On March 28, Ms Ferguson was told that a grievance had been lodged against her for “inappropriate behaviour in a meeting” and that she would be transferred with immediate effect from Crosshouse to Ayr Hospital while an investigation took place.

The Crosshouse ban meant that Ms Ferguson, a radiographer at the site for 18 years, required permission to accompany her 82-year-old mother into the hospital for X-rays and CT scans after she suffered a bad fall in March.

Although the transfer was subsequently reversed following an intervention by Mr Burns, Ms Ferguson says the stress left her feeling unable to cope with her work.

“I’m just scared of making a mistake,” she said, adding that she believes the meeting on March 15 was “set up” as an excuse to get rid of her.

She said: “That was five weeks ago and I still don’t know what I’m accused of, apart from ‘inappropriate behaviour’, and I still don’t know who’s accused me.

“Even if I hadn’t just come back from breast cancer, that’s just a horrific way to treat a human being.”

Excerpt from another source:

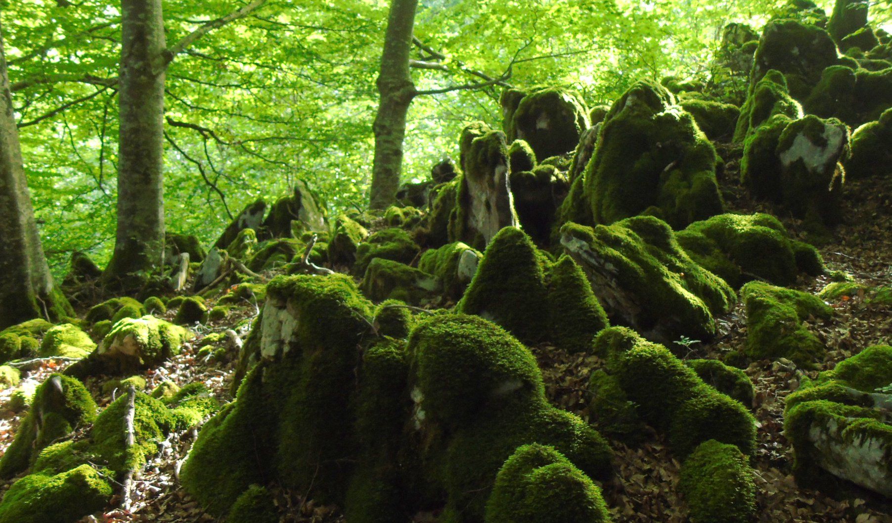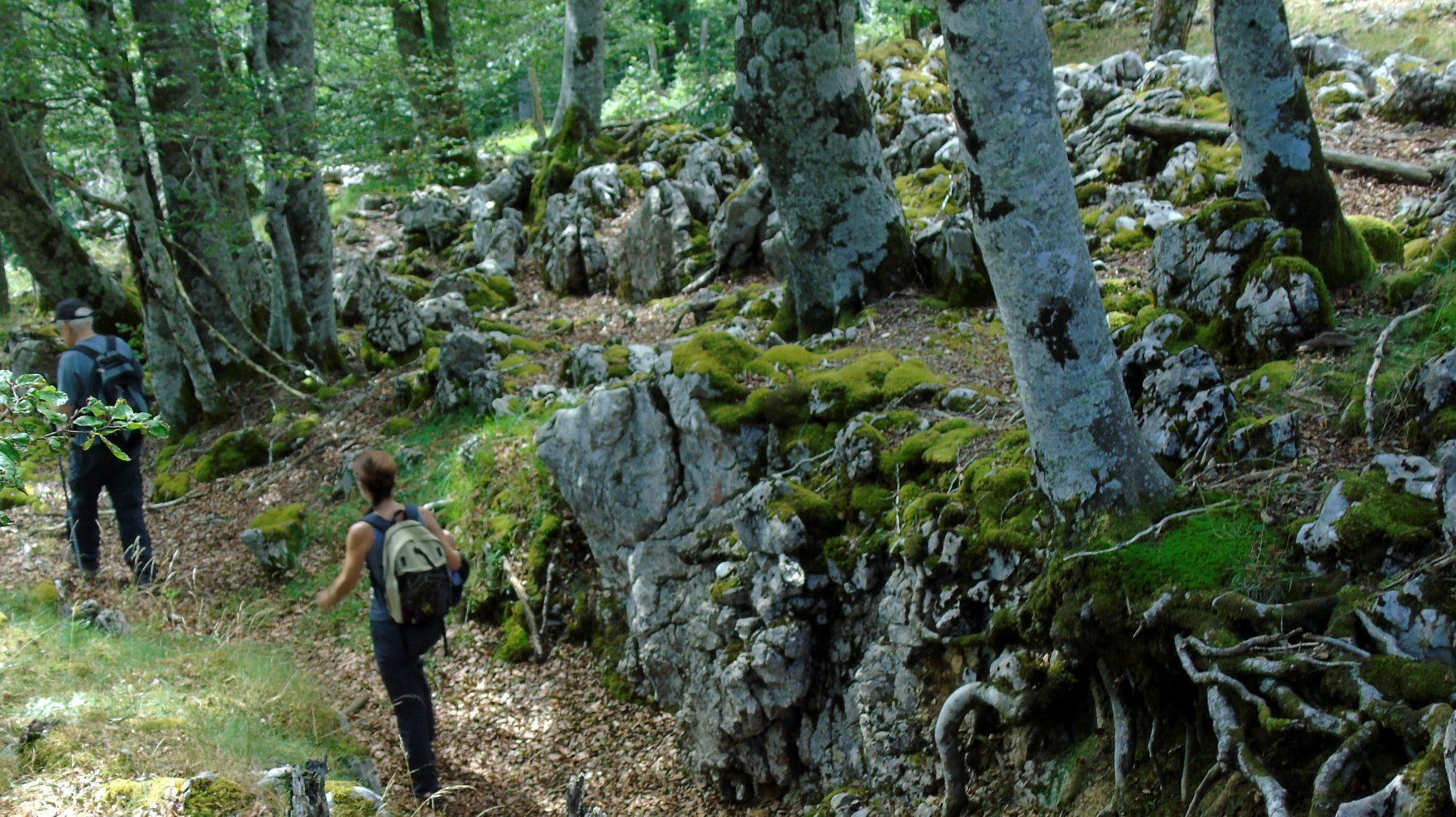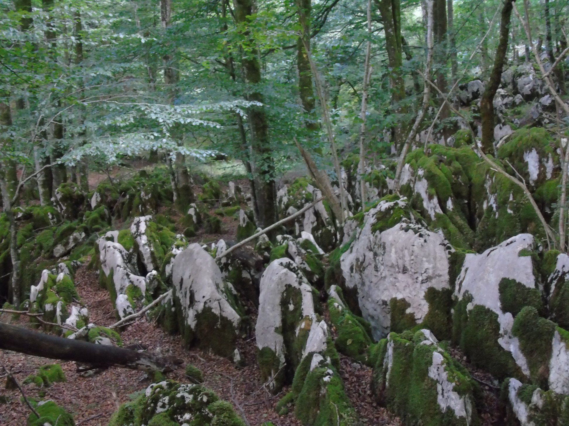 Desde Lizarrusti junto a su albergue, oficina de información de Aralar y parque de recreo, salía el empinado sendero que nos empezó a mostrar ese paisaje kárstico tan característico de Aralar. Surgencias calcáreas se mezclaban con el bosque cubiertas de musgo. Por momentos, rincones de enorme belleza, muy cerca de la salida, que invitan a cualquiera a pasar un buen rato de relajación.

A colleague, who asked not to be named, added: “While all this has been going on in the background, we have been delivering patient care to the best of our ability and we want to work with the organisation to resolve these issues but we want them to be taken seriously.

“This undercurrent of bullying and poor management has to be removed. It’s terrible to work in an environment where you’re scared to speak up.”

Ms Shepherd added that staff are dismayed that the managers subject to the collective grievance have not yet been suspended.

She said: “Staff are not confident that these matters are being taken seriously because the managers are still in the building. They don’t believe that would happen with any other staff member.”

Read more: Fife cancer doctor ‘bullied out of job’ says whistleblowing cost her her career

John Burns, chief executive at NHS Ayrshire, said the health board took “seriously” all concerns raised by staff. Mr Burns had offered to bring in independent consultants from Core Solutions, the Edinburgh-based mediation company led by John Sturrock QC, in a bid to “work collaboratively to agree the best way to understand the issues”.

This was rejected by SoR members, who considered it a delay tactic and waste of taxpayers’ money. 

Mr Burns said: “This would have enabled a joint ownership, supporting NHS Ayrshire & Arran’s wish to work collaboratively with the Society.

“I personally offered to meet with staff to assure them that this co-produced process would be a formal process with clear outcomes.

“This would not remove the right for a grievance to be heard at a later date should that be a conclusion of the review.

“Having been advised by the Society of Radiographers that their members did not wish to take forward the proposal, we confirmed to the Society that the grievance will proceed in accordance with Board Policy.

“Arrangements are underway to hear the grievance.

“We recognise that this is a difficult time for all staff who are affected by this grievance.”